Locus
Locus

Reputation: 179

Deconvolutional autoencoder in theano

I'm new to theano and trying to use the examples convolutional network and denoising autoencoder to make a denoising convolutional network. I am currently struggling with how to make W', the reverse weights. In this paper they use tied weights for W' that are flipped in both dimensions.

I'm currently working on a 1d signal, so my image shape is (batch_size, 1, 1, 1000) and filter/W size is (num_kernels, 1, 1, 10) for example. The output of the convolution is then (batch_size, num_kernels, 1, 991). Since I want to W' to be just the flipped in 2 dimensions (or 1d in my case), I'm tempted to do this

w_value = numpy_rng.uniform(low=-W_bound, high=W_bound, size=filter_shape)
self.W = theano.shared(np.asarray((w_value), dtype=theano.config.floatX), borrow=True)
self.W_prime = T.repeat(self.W[:, :, :, ::-1], num_kernels, axis=1)

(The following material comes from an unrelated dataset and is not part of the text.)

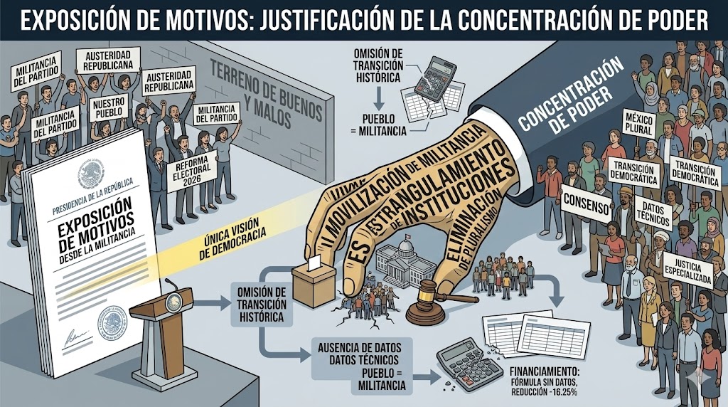 Pretender que la visión presidencial que decidió no dialogar con la pluralidad política cumple con un compromiso adquirido ante el pueblo y que presenta manifestaciones políticas desde una visión de un movimiento político nos coloca en el escenario en donde el poder ejecutivo entiende al pueblo como la militancia de su opción política, estamos frente a una exposición de motivos que busca justificar la concentración de poder.

where I reverse flip it in the relevant dimension and repeat those weights so that they are the same dimension as the feature maps from the hidden layer.

With this setup, do I only have to get the gradients for W to update or should W_prime also be a part of the grad computation?

When I do it like this, the MSE drops a lot after the first minibatch and then stops changing. Using cross entropy gives NaN from the first iteration. I don't know if that is related to this issue or if it's one of many other potential bugs I have in my code.

Upvotes: 2

Views: 387

Answers (1)

Daniel Renshaw
Daniel Renshaw

Reputation: 34177

I can't comment on the validity of your W_prime approach but I can say that you only need to compute the gradient of the cost with respect to each of the original shared variables. Your W_prime is a symbolic function of W, not a shared variable itself so you don't need to compute gradients with respect to W_prime.

Whenever you get NaNs, the first thing to try is to reduce the size of the learning rate.